**Records**
- - -
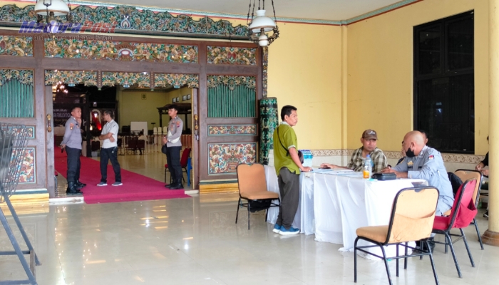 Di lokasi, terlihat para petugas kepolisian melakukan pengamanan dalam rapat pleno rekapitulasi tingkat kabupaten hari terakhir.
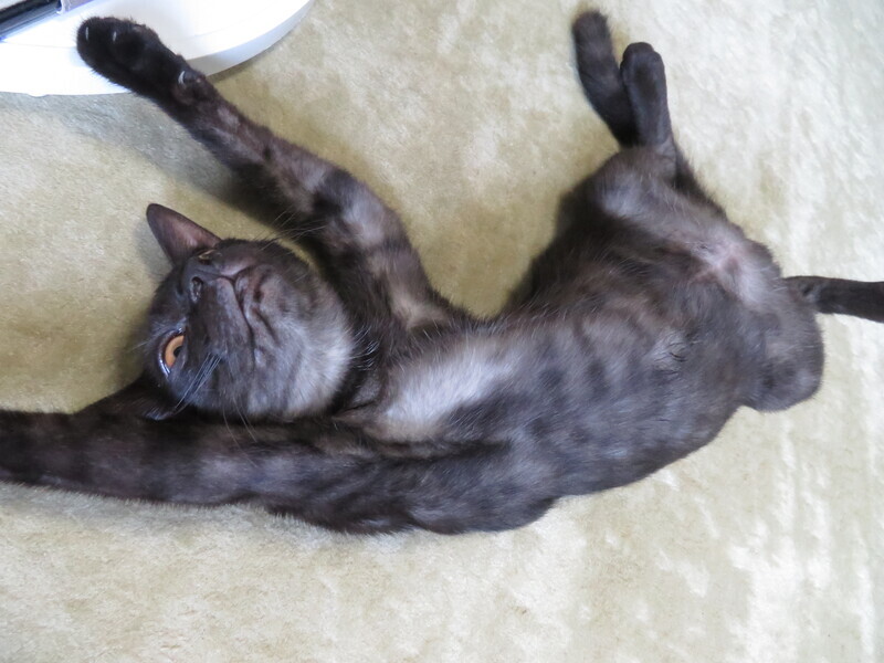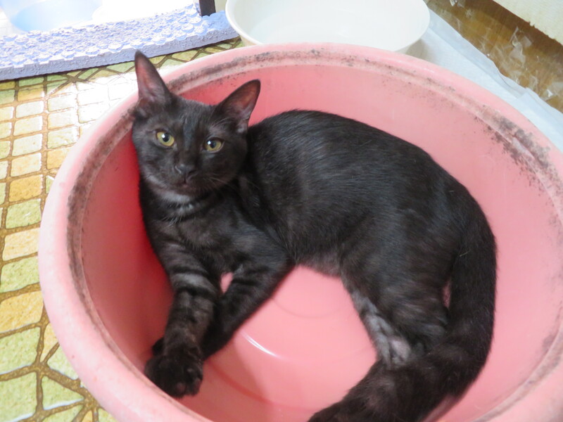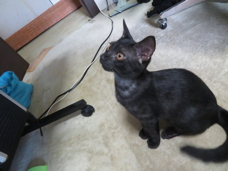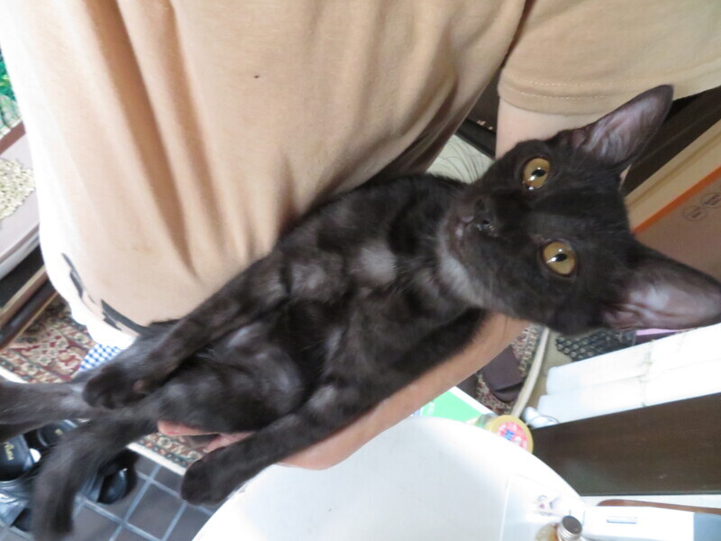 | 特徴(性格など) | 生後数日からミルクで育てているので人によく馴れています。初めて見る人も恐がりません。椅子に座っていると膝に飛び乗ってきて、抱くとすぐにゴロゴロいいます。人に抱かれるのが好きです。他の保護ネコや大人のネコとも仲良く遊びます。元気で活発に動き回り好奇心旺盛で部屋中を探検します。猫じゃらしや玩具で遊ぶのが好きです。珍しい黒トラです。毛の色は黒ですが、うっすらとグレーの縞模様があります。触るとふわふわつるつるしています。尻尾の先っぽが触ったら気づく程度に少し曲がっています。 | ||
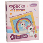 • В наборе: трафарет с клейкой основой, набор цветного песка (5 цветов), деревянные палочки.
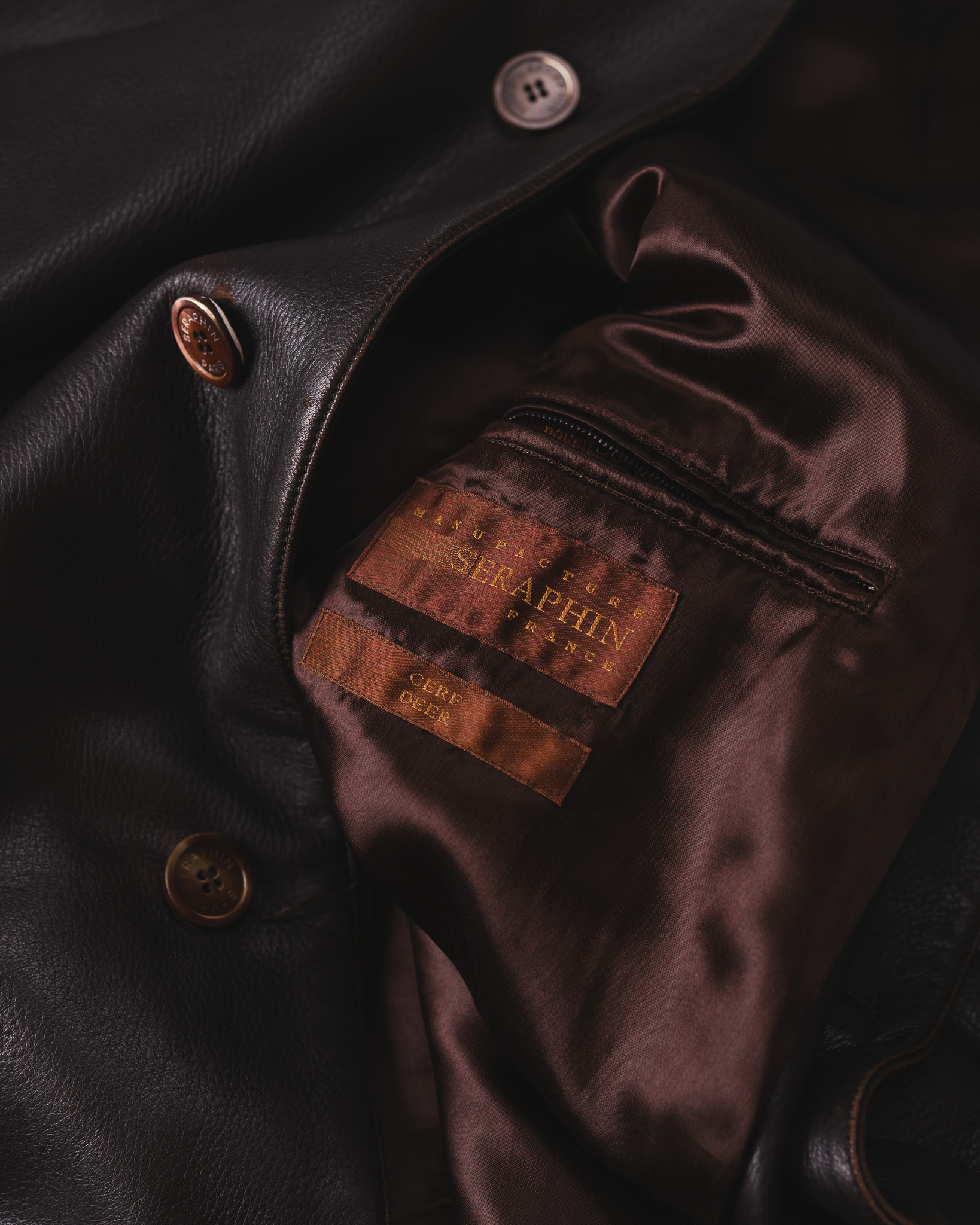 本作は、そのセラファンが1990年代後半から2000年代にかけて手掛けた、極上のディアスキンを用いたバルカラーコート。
- - -
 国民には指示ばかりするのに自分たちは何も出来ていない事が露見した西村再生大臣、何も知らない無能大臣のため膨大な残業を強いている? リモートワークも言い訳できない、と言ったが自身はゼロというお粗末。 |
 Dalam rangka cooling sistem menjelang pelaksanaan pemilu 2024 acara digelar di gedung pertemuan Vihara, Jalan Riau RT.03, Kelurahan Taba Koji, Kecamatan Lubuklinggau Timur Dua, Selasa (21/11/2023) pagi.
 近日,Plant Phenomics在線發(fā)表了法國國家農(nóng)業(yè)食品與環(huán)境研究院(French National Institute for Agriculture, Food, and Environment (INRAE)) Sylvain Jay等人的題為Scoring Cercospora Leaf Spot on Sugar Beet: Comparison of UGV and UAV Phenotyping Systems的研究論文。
- - -
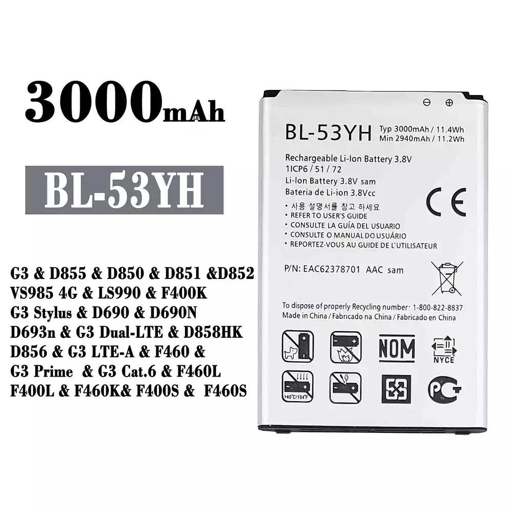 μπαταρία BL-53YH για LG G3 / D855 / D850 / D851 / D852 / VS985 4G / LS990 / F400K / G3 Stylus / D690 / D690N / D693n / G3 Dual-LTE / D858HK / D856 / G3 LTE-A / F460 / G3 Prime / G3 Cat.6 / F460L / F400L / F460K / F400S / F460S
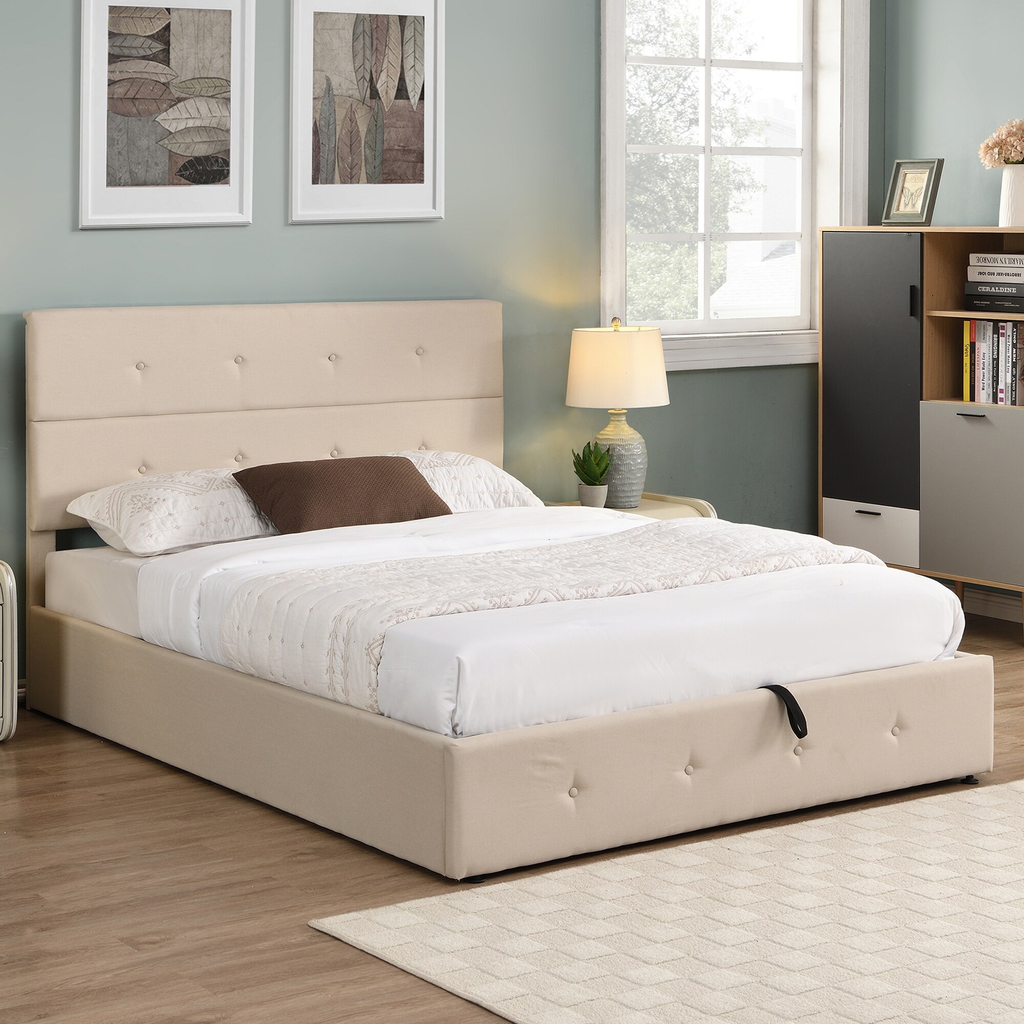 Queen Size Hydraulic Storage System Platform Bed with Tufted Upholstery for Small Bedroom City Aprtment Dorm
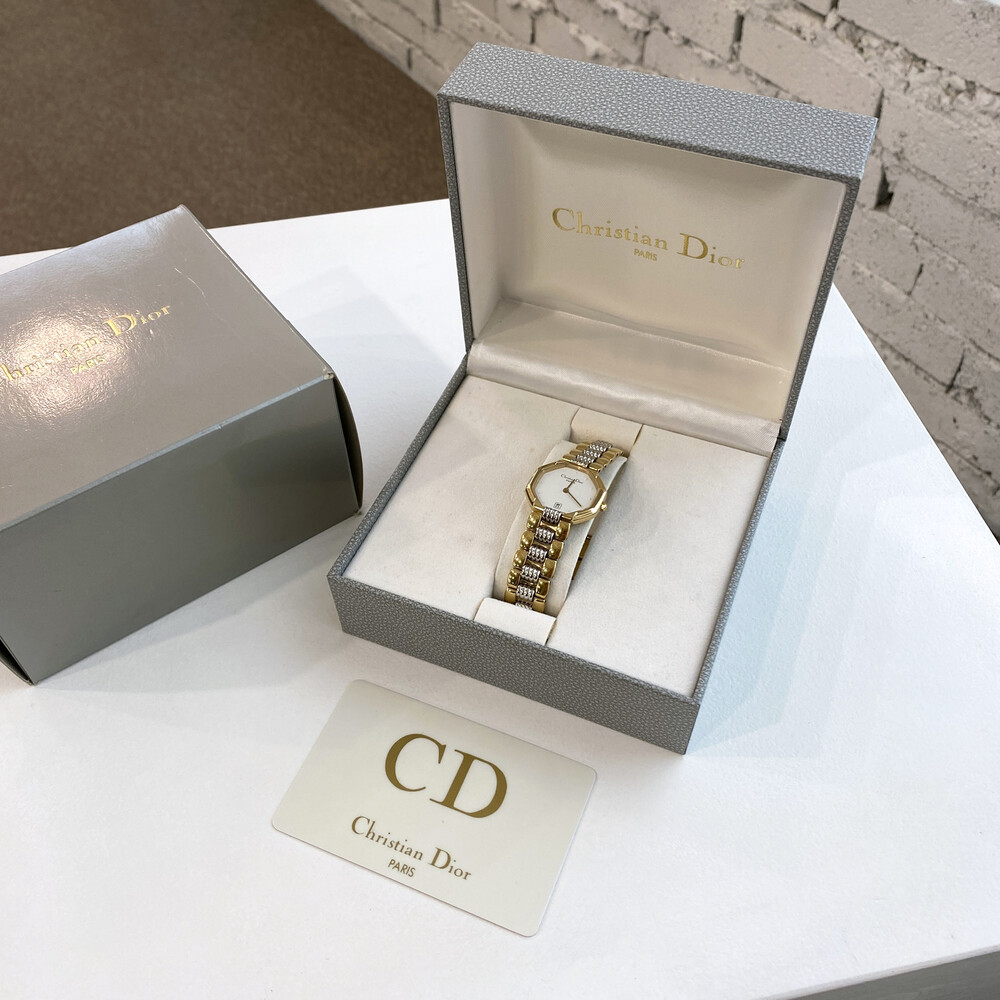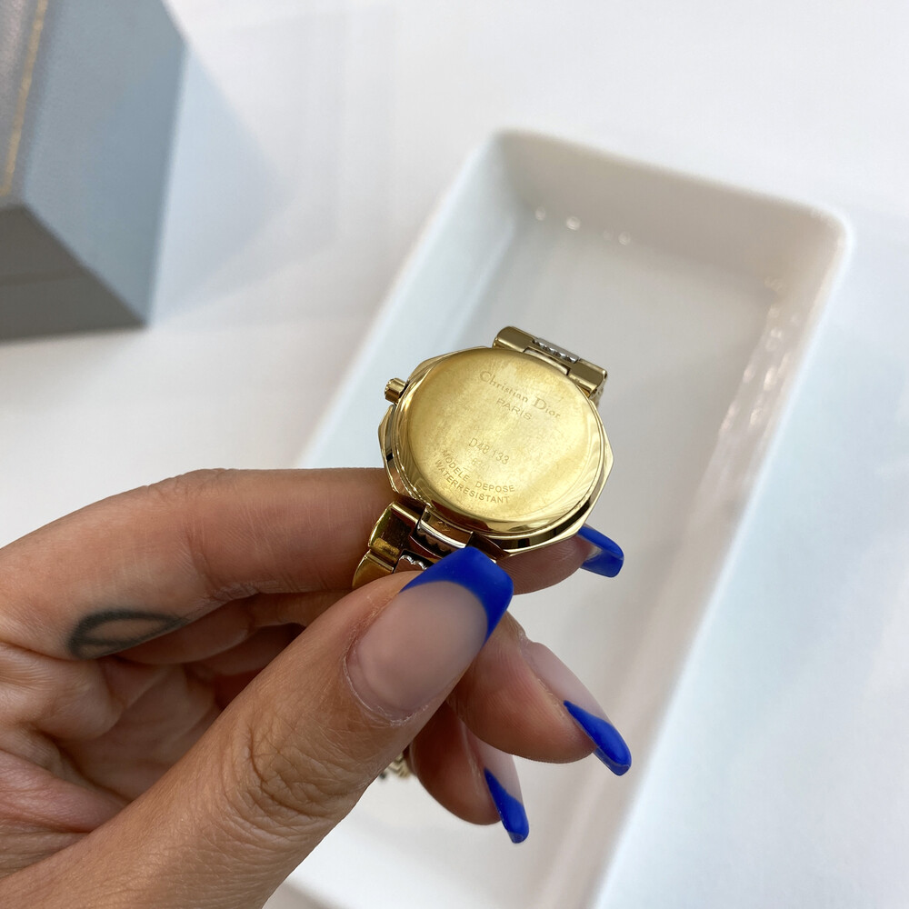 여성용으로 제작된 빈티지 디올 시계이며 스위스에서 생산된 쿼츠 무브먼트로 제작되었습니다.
- - -
**What is required**
Repeat, word for word, the lines of the material above from the one holding "μπαταρία BL-53YH για" through the one holding "여성용으로 제작된 빈티지". Leave out pictures.

**Task output**
 μπαταρία BL-53YH για LG G3 / D855 / D850 / D851 / D852 / VS985 4G / LS990 / F400K / G3 Stylus / D690 / D690N / D693n / G3 Dual-LTE / D858HK / D856 / G3 LTE-A / F460 / G3 Prime / G3 Cat.6 / F460L / F400L / F460K / F400S / F460S
 Queen Size Hydraulic Storage System Platform Bed with Tufted Upholstery for Small Bedroom City Aprtment Dorm
 여성용으로 제작된 빈티지 디올 시계이며 스위스에서 생산된 쿼츠 무브먼트로 제작되었습니다.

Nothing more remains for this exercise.